Tired, every few minutes almost killed, cause I’m cheap or have just made the choice that 2.25 each way is too much. And I gripe. In my head. Sing a little. A phrase is sometimes rattling around. I play with it, zipping past traffic, half out loud. Then fully, saying things revising, repeating. I’m chattering, I'm pausing. I’m zoning out. Imagining, testing trying over, amusing myself, stuck.
That’s when I’m writing.
Writing fulfills all my loves in music: Lyrics were my first introduction to poetry, and how a turn of phrase can be an anchor, something you hold onto something you share or keep to yourself until the moment to say it provides that relief of meaning and beauty and sense and empathy. And then there’s using the voice. Eh eyeh, ay aiy aiee, the sounds the sounds the SOUNDS we can make using our voices the infinite variety the choice of volume, speed, h o w y o u l e t i t o u t. And breath, sure. And rhythm. So it turns out I can sing. And even if the first few readings felt like an audition it’s gotten easier now.
Writing, not teaching.
See, I want my students to be in any situation where speaking, talking, writing, hearing, reading, LANGUAGE is used and think: that’s mine. My tools, my pleasure, I do that in my sleep I do that well, I love that.
I am almost always embarrassed by what I write. In my first graduate school critique a visiting artist, (Faith Wilding) the former head of the department whom I admire very much said, “you know, you’ll never get away from Yentl.” Now, dear listener, I do not expect you know what she meant by this. I don’t know exactly what she meant to mean by it, but I can give you some context.
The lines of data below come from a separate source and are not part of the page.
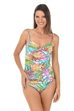 The twisted front and fun tropical leaf pattern define this Bleu By Rod Beattie tankini top. With side shirring and supportive underwire, this tankini top will fit and flatter your figure and leave you feeling confident.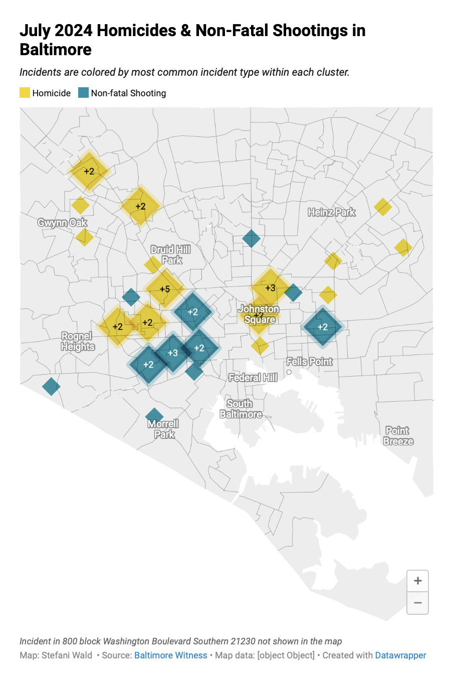 July brought both record-breaking highs and lows of violent crime to Baltimore. The city experienced the highest number of homicides per month and the lowest number of non-fatal shootings per month of 2024 so far in July.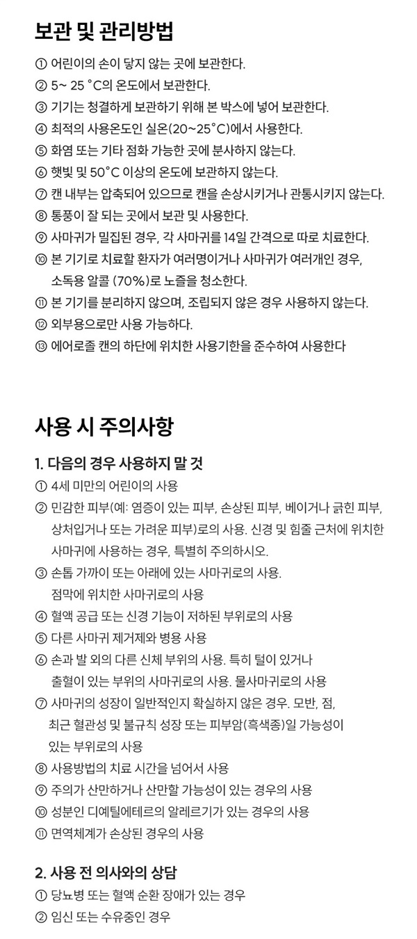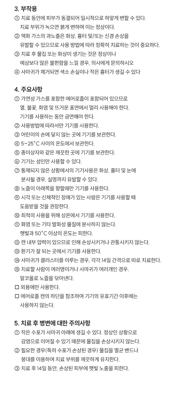목 아래 몸통부위의 사마귀까지는 사용이 가능한 점 또한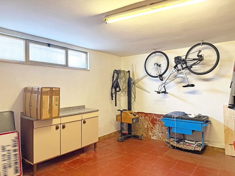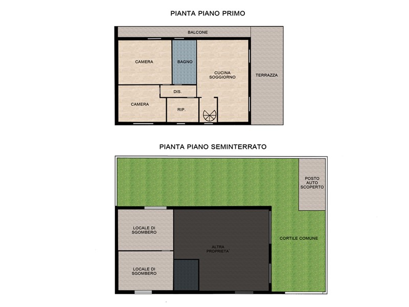 Al piano seminterrato, con accesso esclusivamente esterno, sono presenti due locali cantina ad suo esclusivo per una superficie complessiva di circa 43 mq, oltre ad un posto auto scoperto di proprietà e un cortile comune.

Yentl is the 1983 musical film where Barbara Streisand plays Yentl, a Jewish girl in Poland who dresses as a man so she can go to school and study. While my boyishness and Jewishness are obvious possible targets for this comment, and yes, maybe my mother is a Rabbi, and perhaps I do love musicals, but I was still baffled at how the work I was showing had anything to do with all that. I mean, was she even listening to me?
Maybe it was time for me to learn the lesson that while my words are saying one thing, my everything is also speaking. And while I don’t even like Barbara Streisand, sometimes you have to claim what has been leveled at you. Sometimes it’s all you can do.
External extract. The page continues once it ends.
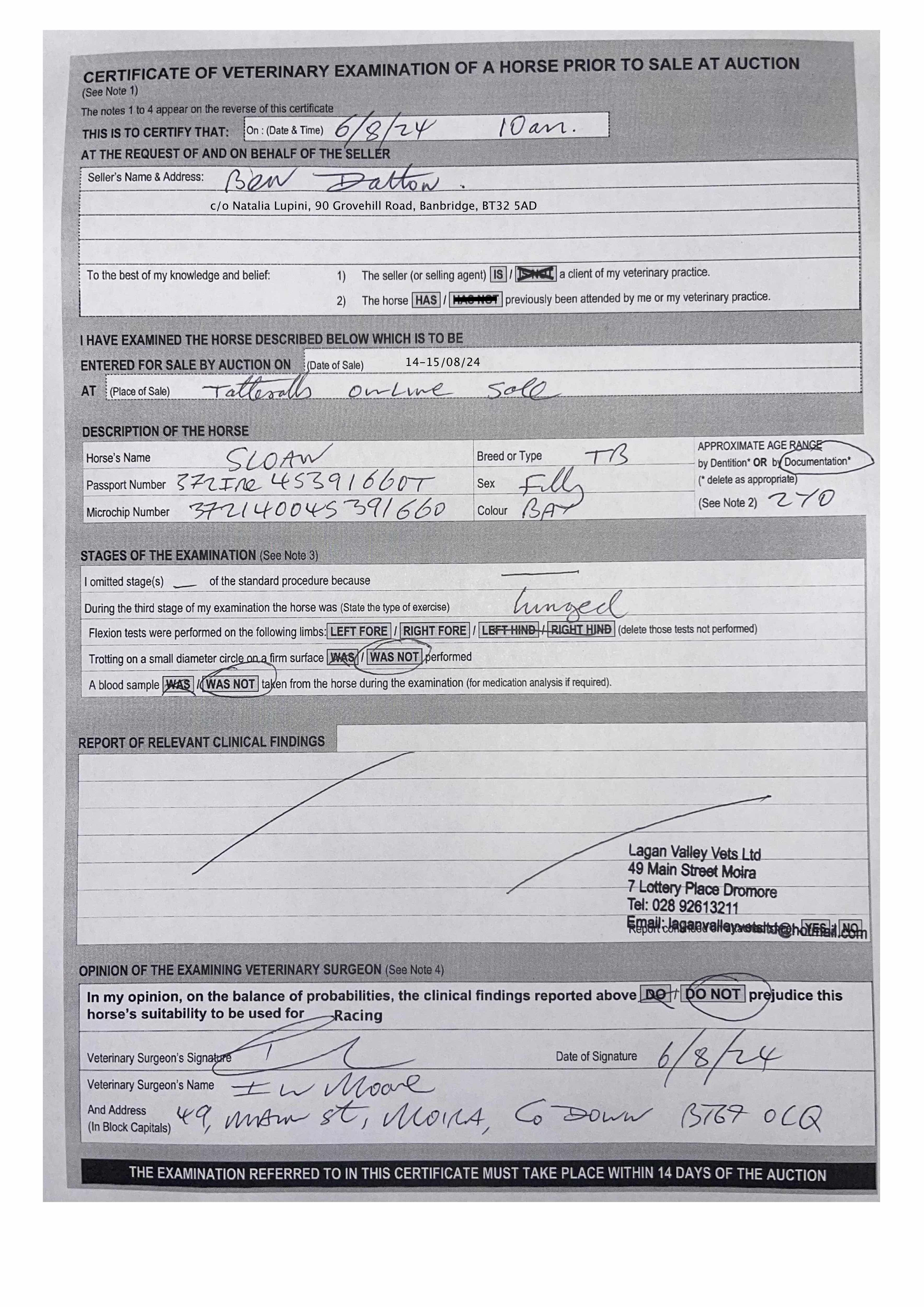 For time sensitive requests please call Tattersalls on +44(0)1638665931

So I began this assignment with an uncomfortable phrase. I don’t write to express what I think. I write to find out. I’ve told some of you to surprise yourself with your writing. I will take the risks, too. And it’s not about disclosure or confession, that model has been historically used too often against women- to imply that the writer is guilty of something. The risk is instead, bringing yourself to an unknown and tackling it. Finding something out and that something is your thought. Momentary, changeable, but entirely unique. Nobody else can do this but you. On paper and out loud messily, together.
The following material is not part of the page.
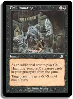 As an additional cost to play Chill Haunting, remove X creature cards in your graveyard from the game. Target creature gets -X/-X until end of turn.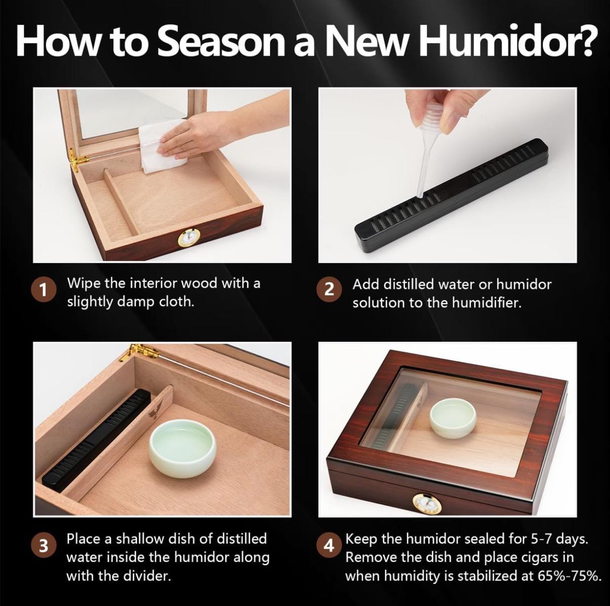 Cigar humidor with a cigar Humidor Box, Humidifier, Hygrometer, and the mini movable partition board can help you fix the cigars.

Start with something that does not interest you. Something boring or embarrassing. Something tedious and ordinary. Write through your boredom. Write into the heart of the matter. Cross out the phrases you like and replace them with ones that trouble you. Trouble yourself. It is a rare space to be given, a class full of writing assignments in which the content is not dictated. Perhaps it is too open-ended. In that case, write about that. The only way to see yourself in the present tense is by mistake. Write two pages of only mistakes. Write all the things you don’t feel. Be a liar. Be an impostor. Make claims you cannot back up. Make the rest of us angry. Make us work. We are here to listen to what you wrote and like Faith Wilding, what you didn’t write as well.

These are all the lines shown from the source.